Я не хотел никого и ничего. Мне даже не удалось кончить. Несчастный. Я устал и хотел домой. Раз выпить было невозможно, нужно было убираться. Праздник кончен, пора и честь знать.

Но этот аристократ уже не хотел быть один. Я был нужен ему для того, чтобы он не сидел в баре один и выглядел бы в глазах юных или не юных художниц не одиноким ебарем и пиздострадателем, а солидным человеком, пришедшим с другом. Чудак, он не понимал, что вдвоем мы выглядим, как два педераста, и тем более он не достигнет своей цели.

Приебался он ко мне крепко. Я очень хотел домой, но он так бурчал и злился, что я проводил его все-таки сотню метров до этого заведения, а потом, что уж тут поделаешь, зашел с ним внутрь. Там царил кофейный полумрак и было занято каждое место, и еще стояла солидная очередь ожидающих. Все хотели общаться, говорить, и, конечно, знакомиться и ебаться. Художницы и не художницы, красотки и мартышки в домотканных платьях и в джинсах все были там.

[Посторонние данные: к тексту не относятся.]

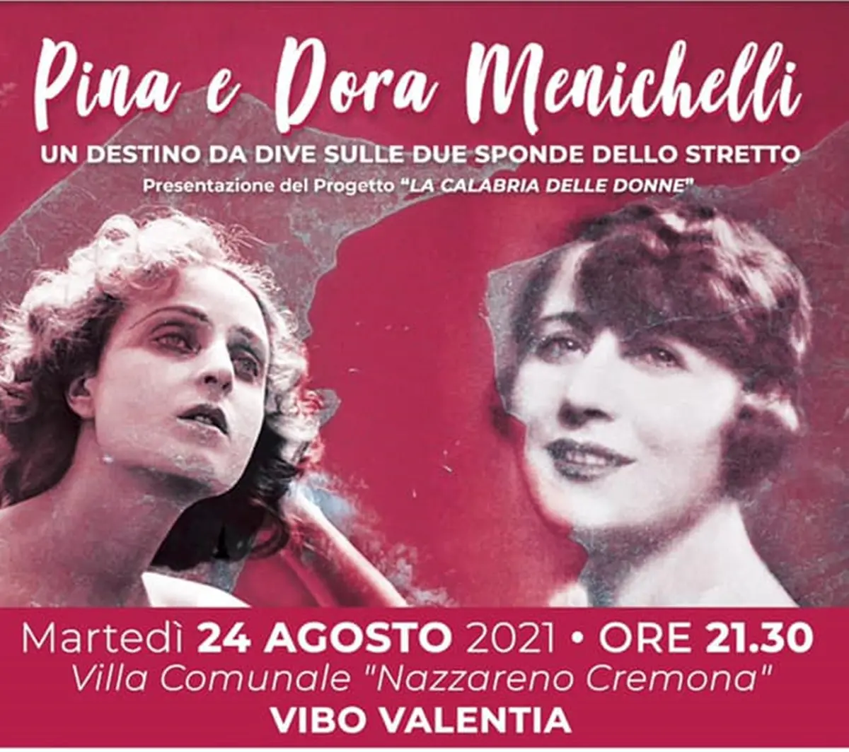 Domani, martedì 24 agosto, è in programma alle ore 21,30 nella Villa Comunale – Nazzareno Cremona di Vibo Valentia, un convegno nell’ambito del progetto “La Sicilia e la Calabria delle donne” (che vede curatrici per la Calabria l’archeologa Mariangela Preta, e per la Sicilia la direttrice del Naxos Legge Fulvia Toscano e la scrittrice Marinella Fiume che sono anche ideatrici del progetto). L’incontro sarà volto a raccontare il particolare destino di due sorelle, entrambe attrici, nate sulle due sponde dello Stretto: Pina e Dora Menichelli, la prima nativa di Castroreale (ME) mentre la seconda nacque a Monteleone di Calabria odierna Vibo Valentia. Inserito nel cartellone estivo di “Vibo Capitale del libro”, con il patrocinio della città di Vibo Valentia, di Naxos Legge e dell’associazione nazionale CulturaIdentità, vedrà protagoniste proprio le donne a partire dal sindaco della città di Vibo Valentia Maria Limardo. E poi prenderanno parte l’assessore del Comune di Castroreale (ME) Mariella Sclafani, la scrittrice Marinella Fiume, la direttrice di Naxos legge Fulvia Toscano, l’archeologa vibonese Mariangela Preta. Il dibattito verrà moderato dalle giornaliste Carmen Bellissimo e Cristina Marra. Alla fine della presentazione verrà proiettato il Film “Il Fuoco” interpretato da Pina Menichelli. [Continua in basso]

У него было пять долларов и все. У меня только сабвейный жетон. За столик можно было бы сесть, но ведь мы хотели кофе. Мы поплелись назад, и у двери французова дома стали прощаться. Изощряясь в любезностях друг перед другом, мы уж совсем было разошлись, как вдруг я вспомнил о сигаретках в ящике у Жан-Пьера.

– Если бы ты был умным мальчиком, я бы сказал тебе, где лежат две сигареты марихуаны у Жан-Пьера в доме, – нахально заявил я.

– Эдичка, зачем вы лазите в чужие шкафы и столы? – сказал он.

– Я имею право, – сказал я серьезно, – он ведь бывший любовник моей жены.

– Извините, Эдичка, – сказал он.

Мы стали торговаться из-за этой марихуаны, и порешили, что каждому отойдет отдельная сигарета, хотя Кирилл настаивал на совместном раскуривании обеих, но я грозился, если он не согласится, вообще не показать, где лежат сигареты.

– Каждый что захочет, то и станет со своей сигаретой делать, – сказал я, – хоть выбрось или в жопу засунь.

После этого мы поднялись в мастерскую.

Я пошел в кабинет и достал из коробки сигареты, и мы вернулись в кухню. Я дал ему причитающуюся ему сигарету, а свою я тотчас закурил. Она оказалась на удивление крепкой – я такой еще не пробовал. Когда я дососал ее – толстую и жирную – до конца, так что уже не держали ногти, я только и смог, что преодолеть с трудом путь в шесть-семь метров до дивана и свалиться в галлюцинациях.

Я слышал все, что происходило в мастерской, и в то же время видел сны, причудливые, составленные из прошлого и никогда не бывшего. Какая-то бесноватая девушка пыталась открыть какую-то коробочку, в которой жило мыслящее существо. Растрепанная, она склонялась над коробочкой, грызла ее, но не могла открыть. Наконец какой-то хитростью, повернув механическое приспособление, бесноватая открыла коробочку, и из нее вылилась вонючая бурая жидкость, похожая на сперму – существо было убито, я испытывал ужас, а бесноватая скалилась.